The method for classifying the renal masses based on the random projection can be applied to intelligent terminal equipment such as an identification terminal or a classification terminal for identifying whether pictures representing the renal masses are benign or malignant. The intelligent terminal equipment can acquire N pieces of target object data describing the renal mass, target area delineation is carried out on each CT horizontal scanning image according to a mask image in the target object data to obtain an interested area of each CT horizontal scanning image, extracting the characteristic data of the radiology in each region of interest to obtain N characteristic data of the radiology, projecting the N characteristic data of the radiology through L random projection matrixes to obtain L sets of projection characteristic data, respectively carrying out a plurality of classifier training on the L sets of projection characteristic data to obtain a prediction matrix of each classifier and each trained classifier, and setting the weight of each classifier according to the prediction matrix of each classifier, and performing fusion processing on the data to be classified by adopting each trained classifier according to the corresponding weight so as to determine the class of the data to be classified corresponding to the renal mass to be detected. The intelligent terminal device maps an original data set of target object data to a low-dimensional space through a large number of random projection matrixes based on an integrated framework of random projection to generate diversified training data sets, inputs the projected training data sets into a plurality of classifiers, designs a two-level hierarchical fusion scheme, and integrates all outputs in a logic mode to generate final classification so as to more reliably classify the quality and the malignancy of the renal small masses.
In one embodiment, as shown in fig. 1, a method for classifying renal masses based on random projection is provided, which is exemplified by an intelligent terminal device such as an identification terminal or a classification terminal for identifying benign or malignant images representing renal masses, and includes the following steps:
s10, acquiring N target object data describing the kidney small tumor, wherein the target object data comprises a CT flat scan image, a mask image and label data of the corresponding kidney small tumor; the label data characterizes the corresponding renal mass as benign or malignant; wherein N is a positive integer.
Specifically, the target object data may be derived from a renal small mass of a patient with a pathologically confirmed renal small mass.

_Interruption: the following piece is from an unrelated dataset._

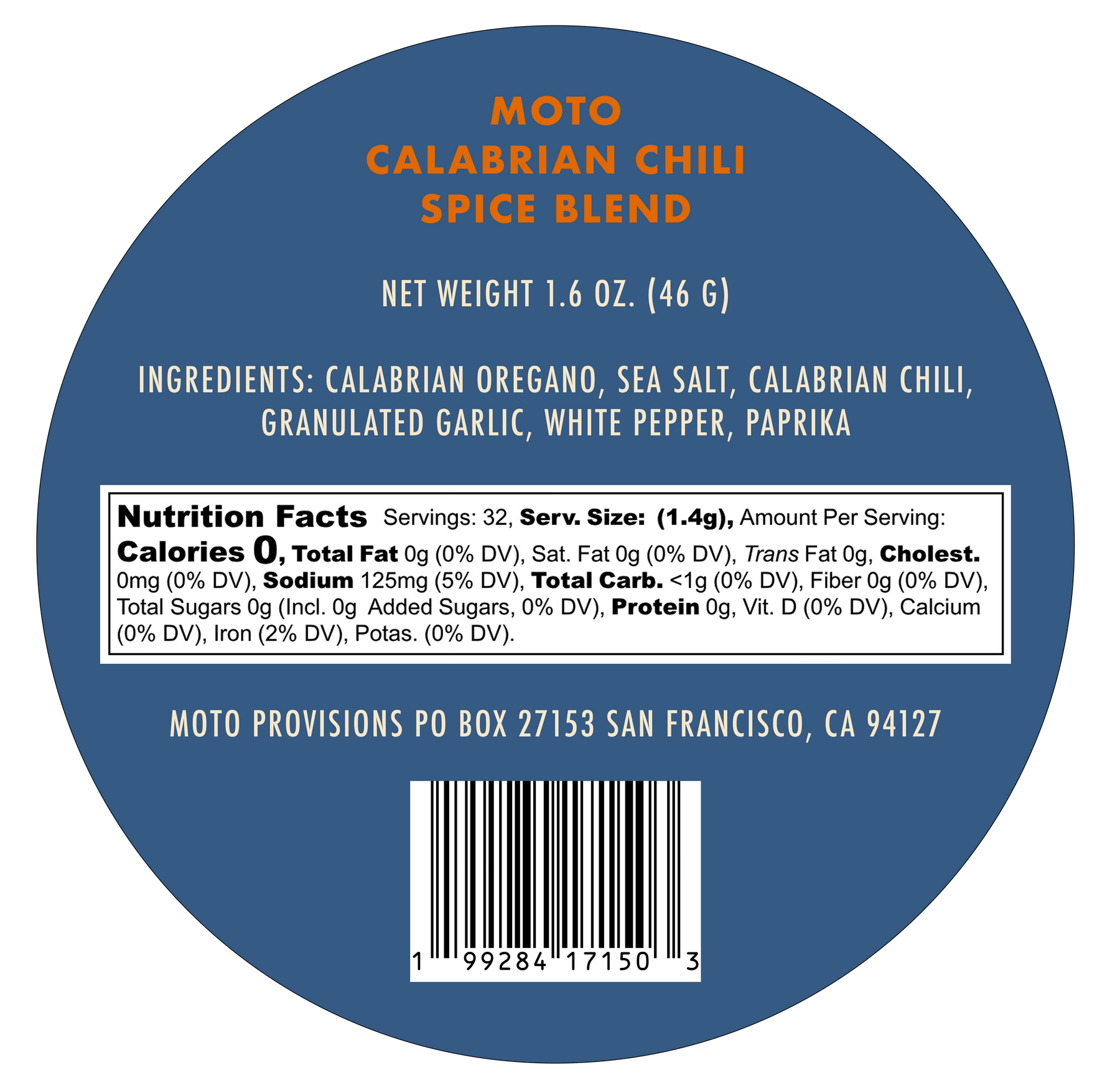 The dehydrated cousin of our MOTO Calabrian Chili Hot Sauce, this bold spice mix delivers smoky, herbaceous heat that transforms proteins, veggies, and more. Craft-blended in Northern California, it’s a pantry essential for adding depth and kick to everyday meals.

Each target object data may describe a small kidney mass, and a target object data specifically describes the corresponding small kidney mass through a CT flat scan image, a mask image and tag data, where for a small kidney mass, the CT flat scan image is an image obtained by CT scanning the small kidney mass, the mask image is an image mask corresponding to the small kidney mass, and the tag data is data indicating that the small kidney mass is benign or malignant, for example, when the small kidney mass is pathologically confirmed to be fatty renal vascular smooth muscle lipoma, the tag data of the small kidney mass is benign, and when the small kidney mass is pathologically confirmed to be renal cell carcinoma, the corresponding tag data is malignant.
Specifically, the CT panned image is a non-contrast enhanced CT scanned image, so that the corresponding renal small tumor can be more accurately represented by the CT panned image.

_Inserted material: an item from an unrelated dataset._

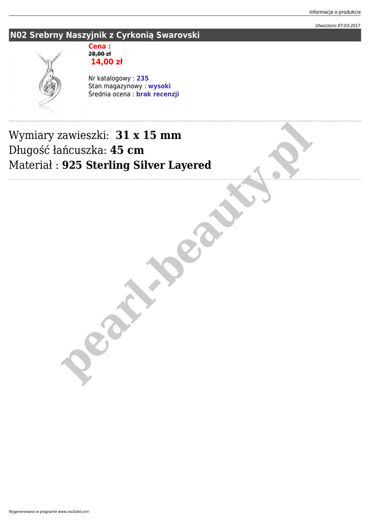 Informacje o produkcie Utworzono 07-03-2017 N02 Srebrny Naszyjnik z Cyrkonią Swarovski Cena : 28,00 zł 14,00 zł pe ar lbe au ty . Wymiary zawieszki: 31 x 15 mm Długość łańcuszka: 45 cm Materiał : 925 Sterling Silver Layered pl Nr katalogowy : 235 Stan magazynowy : wysoki Średnia ocena : brak recenzji Wygenerowano w programie www.oscGold.com

And S20, performing target region delineation on each CT flat scanning image according to each mask image to obtain an interested region of each CT flat scanning image, and performing radiology characteristic data extraction on each interested region to obtain N pieces of radiology characteristic data.
Specifically, the region of interest is a region where the CT scout image includes valid information, and can be obtained by performing target delineation on the corresponding CT scout image according to a mask image by a plurality of users with experience, such as radiological diagnostic experts. In one example, a schematic representation of a target volume delineation of a CT scout image to obtain a region of interest may be found with reference to fig. 2.

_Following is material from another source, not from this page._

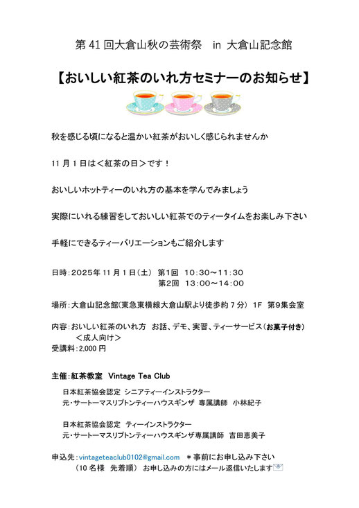 Vintage Tea Club紅茶セミナー 2000円(要予約) |

Further, each of the radiologic characteristic data comprises a plurality of radiologic features; the radiologic features may include shape features, first order statistical features, and texture features. The first-order statistical features may include statistical features such as a number obtained by histogram analysis, and the texture features may include second-order statistical features such as image gray distribution.
In one example, one radiologic characteristic data may include 103 radiologic features, where the 103 radiologic features may be extracted from a region of interest (ROI) obtained by delineating a corresponding non-enhanced CT image by two experienced radiology diagnosticians, and specifically may include 12 shape features, 17 first-order statistical features, and 74 texture features, so that in a subsequent process of training a plurality of taxonomies, there are sufficiently complete radiologic features as a basis to ensure accuracy of a training result.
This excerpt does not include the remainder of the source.